深津氏はUIの実装を考慮する上で,ペーパープロトタイピングを行っているという。ペーパープロトタイピングとは,PhotoshopやIDEによるモックアップを制作せず,紙とペンでプロトタイプを作ることだ。その理由として,氏は⁠タッチUIはPCでは検証できない⁠とし,⁠PCの画面でデザインしてもそれが有効なデザインかどうかの保証はまったくない」と語った。実際にiPhone画面ぴったりの付箋を貼り付け,ペンでUIを描き使用感を試すことで,使いやすさや不便なところがないかチェックでき,PCでデザインするよりもはるかにスピーディーに検証することができるという。

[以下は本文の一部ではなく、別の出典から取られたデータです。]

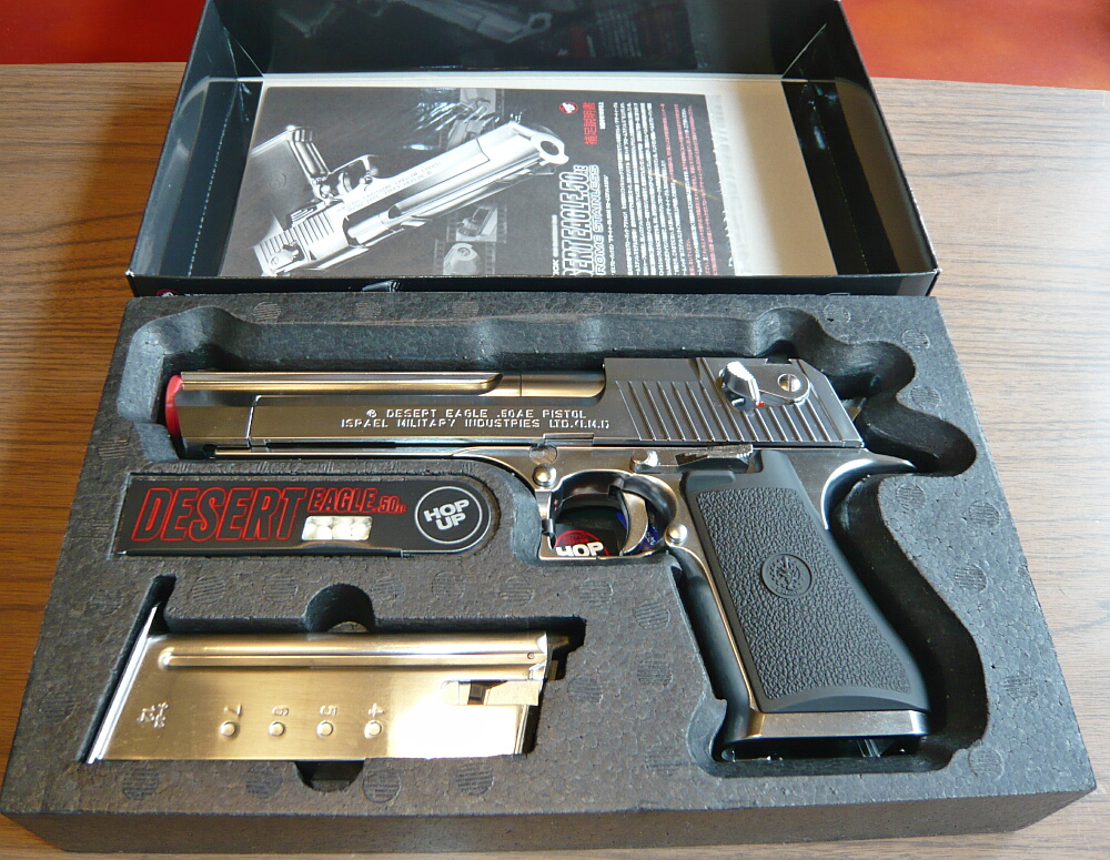 マルイのデザートイーグルは古くはエアコキ1900円シリーズに.44マグナムのモデルがあり、そこからかなり後になって.50AEモデルのガスブローバックが発売されました。しかしそれも2003年の事であり、少々今更感はあるのですが手を出してみました。黒い方のが安くてラフな使用でキズが入ったりしても気にならないのですが、銀色の方しか無かった…

iPhone画面に付箋を貼り付けたペーパープロトタイピング

iPhone画面に付箋を貼り付けたペーパープロトタイピング

iPhoneアプリ実装後の画面

iPhoneアプリ実装後の画面

対照的に,実装のフェーズの解説は,プログラムレベルとビジュアルレベルの実装を,⁠超がんばる⁠の一言でまとめた。そのためには,実装に至る前のプロトタイピングまでの段階で,UIの問題点や実装した後で出てくるであろう問題を予め埋めておくことが重要だとした。一通りの実装後,TiltShift Generatorでは,漏洩やライバルに情報が流れることを気にせずベータテストを早い段階で行い,できる限り様々な分野にフィードバックを貰い,今まで拾いきれなかった最終的な問題をできるだけ早く回収・修正できるようにしたという。

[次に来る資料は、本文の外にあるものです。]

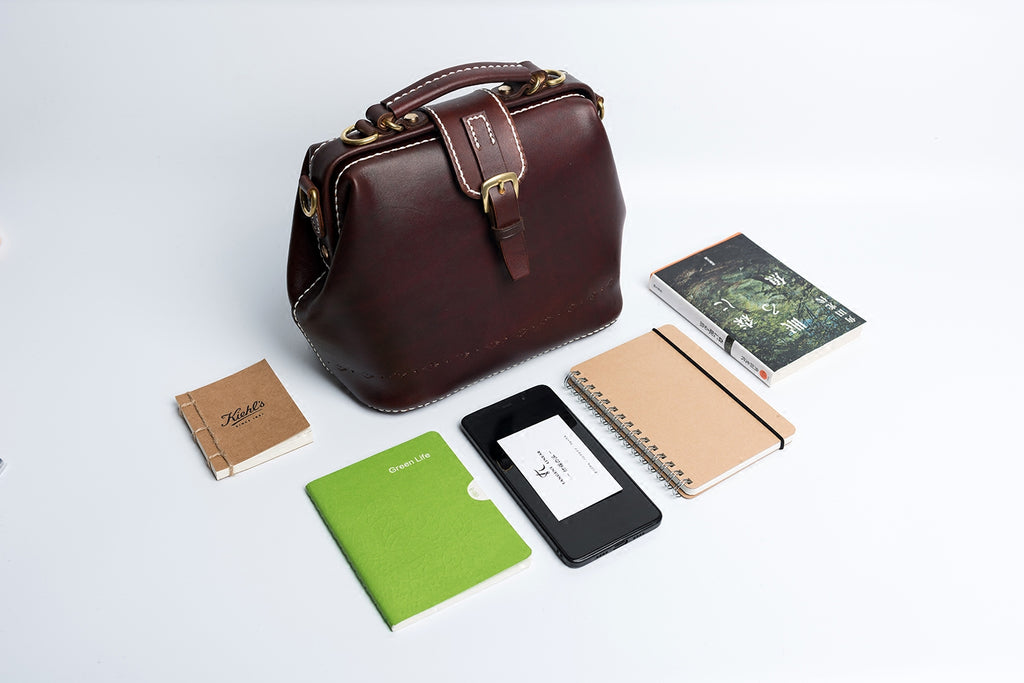 Design: Handmade Womens Coffee Leather doctor Handbag shoulder doctor bags Purse for women

公開のフェーズでは,審査,リジェクト,そしてプロモーションについて解説。Apple独特の⁠審査⁠についてのノウハウを惜しみなく紹介した。氏曰く,⁠アップルに喧嘩を売りすぎない⁠ことがポイントだという。プロモーションでは,⁠リリース日のコントロール⁠の重要性や,⁠いかに露出を確保するか”,⁠App Store依存からの脱却⁠に着目し,⁠僕たちWebの人たちは,その重要性さえ理解していれば,ある程度対策をとることができるのではないか」と語った。

このセッションでは,Flashユーザーがどこに注意してiPhoneアプリ開発に進めばいいか,丁寧に道案内がおこなわれた。そのひとつひとつのプロセスは,非常に考え込まれ目的と理由が明確であり,効果的かつ高効率で無駄がひとつもなく美しい。深津氏が真のプロフェッショナルだと評価される,その所以を垣間見ることができた貴重なセッションだった。